Decaying \(\varepsilon\). Setting \(\varepsilon_t = \min\!\left(1, \tfrac{cK}{t}\right)\) for sufficiently large \(c\) gives logarithmic regret (Auer et al. 2002)
\[ \text{Regret}(T) = O(K \log T), \]
matching the optimal rate up to constants (proof). The schedule must decay slowly enough that every arm is sampled infinitely often, but fast enough that exploration eventually stops dominating reward.
Limitations
- Undirected. Once an arm is known with high confidence to be bad, a random exploration step still pulls it with probability \(1/K\). UCB and Thompson sampling avoid this waste by directing exploration toward plausibly-best arms only.
- Hyperparameter-sensitive. The constant \(c\) in \(\varepsilon_t = cK/t\) depends on the unknown gaps \(\Delta_a\). Choosing it too small leaves the agent stuck; too large leaves the agent exploring forever.
- Action-space scaling. Uniform random exploration is uninformative when \(|\mathcal{A}|\) is large or continuous; structured exploration (Boltzmann, posterior sampling, parameter noise) tends to scale better.
When to Use It
| Situation | Approach |
|---|---|
| Tabular RL with \(\varepsilon\)-greedy behavior policy | The default — works with Q-learning, SARSA, etc. |
| Need stronger regret guarantees, stationary bandit | UCB or Thompson sampling. |
| Non-stationary environment (arms change over time) | Constant \(\varepsilon\) — keeps re-checking forever. |
| Deep RL (DQN and friends) | \(\varepsilon\)-greedy with linear anneal from \(1.0\) to \(0.1\) over the first chunk of training. |
| Large or continuous action space | Boltzmann, parameter-space noise, or learned exploration. |
| Need a smooth (not random) action selection | Boltzmann exploration with temperature anneal. |
Variants
- Decaying \(\varepsilon\) schedules. \(\varepsilon_t = c/t\) (or \(cK/t\)) for log regret. Other schedules: exponential decay, step decay, linear anneal.
- State-dependent \(\varepsilon\). Higher \(\varepsilon\) in less-visited states. Approximates information-directed exploration without full UCB machinery.
- Optimistic initialization. Initialize \(\hat{\mu}_a\) to a value higher than any plausible reward.

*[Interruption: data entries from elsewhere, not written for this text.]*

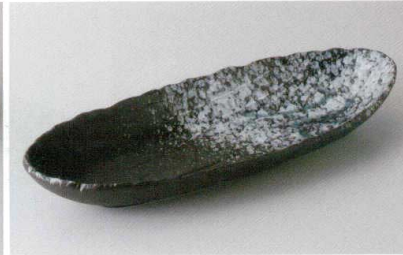
04510-276 2,100円 262704510 雪化粧楕円長大鉢 (390×158×60mm)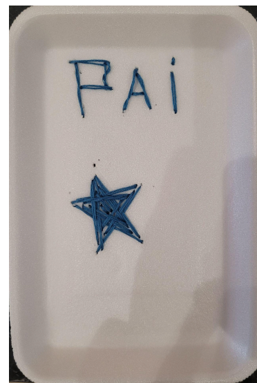
Figura 10. Intervenção no mandala “Olho de Deus”, no grupo FM . Bordado “Pai”, do participante FN .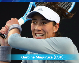
Garbiñe Muguruza (ESP)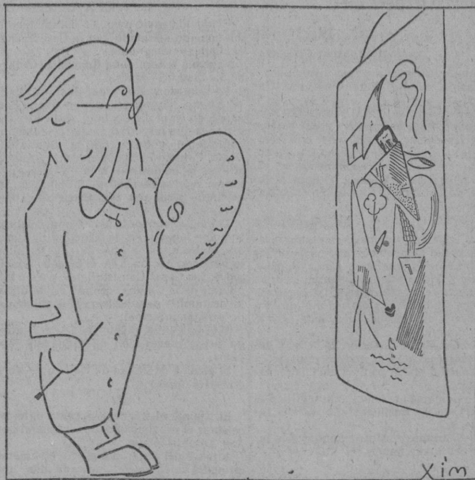
Bendito seas, oh cubismo, que me permites vender como Puerto de Palma lo que en otro tiempo fué el retrato de mi suegra!...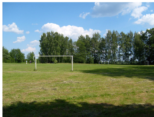
Fot. 22 Boiska sportowe przyległe do szkoły podstawowej w Wojnowie.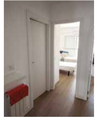
Uno de los pisos.

Estas casas son una extensión del Proyecto Fénix que tiene la Asociación, que cons-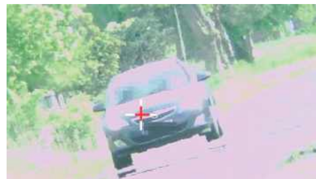
Kierowcy stracili uprawnienia. Zostali też ukarani wysokimi mandatami

W niedzielę (18 maja) w miejscowości Żakowola Radzyńska w pow. radzyńskim policjanci bialskiej drogówki zauważyli kierowcę BMW, który przekroczył dozwoloną w terenie zabudowanym prędkość. Jechał 111 km/h, przekraczając tę dozwoloną o 61 km. Za kie-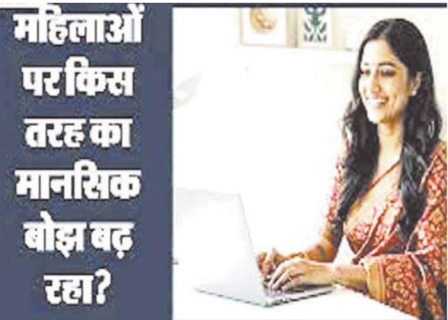
महिलाओं पर किस तरह का मानसिक बोझ बढ़ रहा? यही लगातार चलने वाला मानसिक दबाव महिलाओं को भावनात्मक रूप से थका देता है।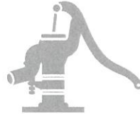
農業用の井戸・水道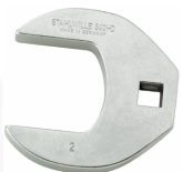
02501046 Crowfoot-Schlüssel heavy-duty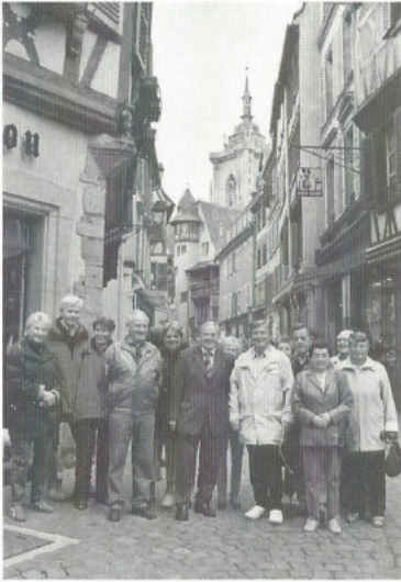
Der Ausflug ins Elsass führte uns nach Colmar, Riquewihir und Kayersberg.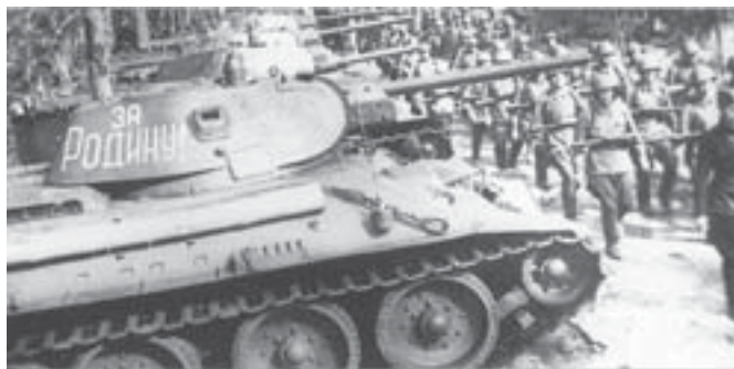
Czołgi T-34 i radziecka piechota.

Z historii II wojny światowej lubię to co było duże, ważne, charyzmatyczne i ciekawe. Jak dla mnie to prawie wszystko co wydarzyło się w latach 1939-1945 zasługuje na uwagę. Lubię historię oceniać z kilku ważnych powodów. Najważniejszym jest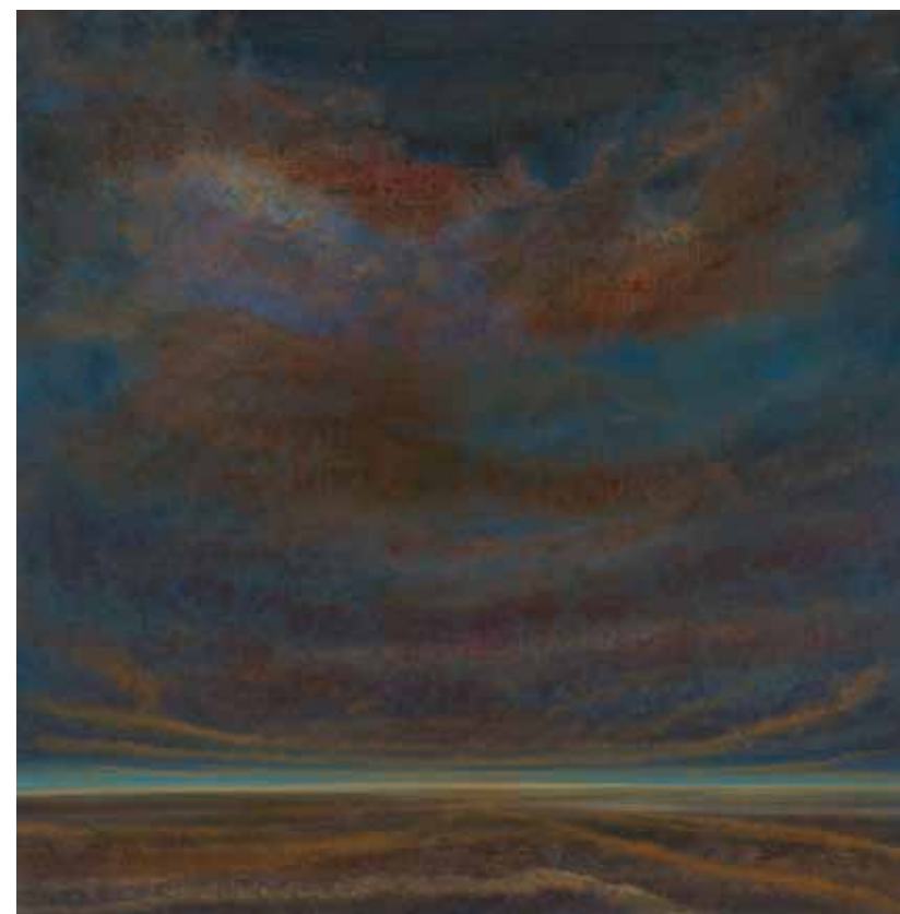
Wonderful sky 80x80 cm, 2009

Pure greedy then explores naturally until each arm has been pulled enough to deflate its estimate.
- Boltzmann exploration. Replace uniform-random with sampling from a softmax over \(\hat{\mu}\). Smoother, but adds a temperature hyperparameter.
- Noisy nets. In deep RL, inject parametric noise into the network weights instead of sampling at action time. Yields persistent exploration across episodes.